**DATA**.
------------------------------
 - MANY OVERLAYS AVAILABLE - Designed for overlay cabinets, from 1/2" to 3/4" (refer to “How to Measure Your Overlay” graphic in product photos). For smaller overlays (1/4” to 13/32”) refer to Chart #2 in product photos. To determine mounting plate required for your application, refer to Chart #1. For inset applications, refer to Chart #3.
------------------------------
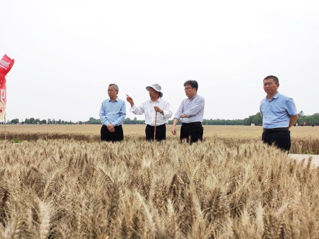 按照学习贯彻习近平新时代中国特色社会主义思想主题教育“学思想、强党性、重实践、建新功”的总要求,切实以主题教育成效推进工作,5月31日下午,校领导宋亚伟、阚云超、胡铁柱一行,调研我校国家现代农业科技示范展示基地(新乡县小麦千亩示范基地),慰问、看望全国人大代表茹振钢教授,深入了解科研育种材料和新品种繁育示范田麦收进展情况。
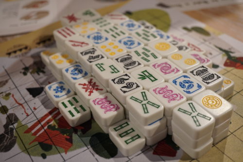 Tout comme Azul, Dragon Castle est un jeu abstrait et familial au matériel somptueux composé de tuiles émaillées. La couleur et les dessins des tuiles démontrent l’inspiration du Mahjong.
------------------------------
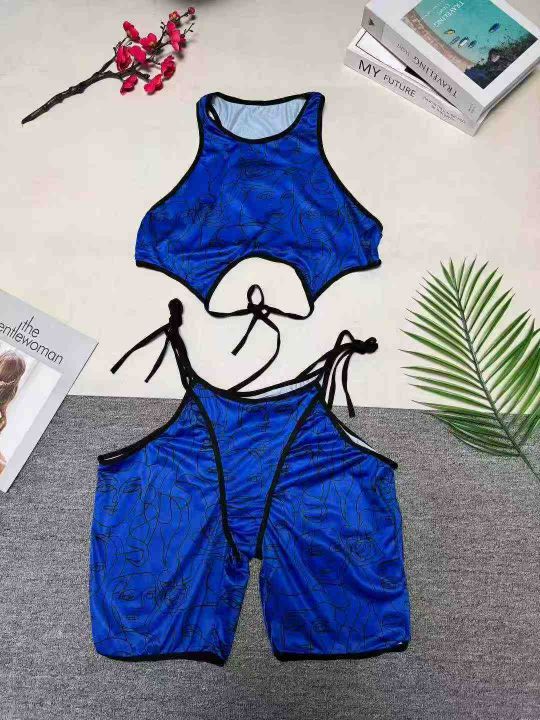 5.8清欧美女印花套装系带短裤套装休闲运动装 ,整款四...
------------------------------
Excerpt from the records above: set down only the lines from the one that contains "按照学习贯彻习近平新时代中国" through the one that contains "Tout comme Azul, Dragon", inclusive, word for word. Pictures stay out.

**YOUR RESPONSE**.
 按照学习贯彻习近平新时代中国特色社会主义思想主题教育“学思想、强党性、重实践、建新功”的总要求,切实以主题教育成效推进工作,5月31日下午,校领导宋亚伟、阚云超、胡铁柱一行,调研我校国家现代农业科技示范展示基地(新乡县小麦千亩示范基地),慰问、看望全国人大代表茹振钢教授,深入了解科研育种材料和新品种繁育示范田麦收进展情况。
 Tout comme Azul, Dragon Castle est un jeu abstrait et familial au matériel somptueux composé de tuiles émaillées. La couleur et les dessins des tuiles démontrent l’inspiration du Mahjong.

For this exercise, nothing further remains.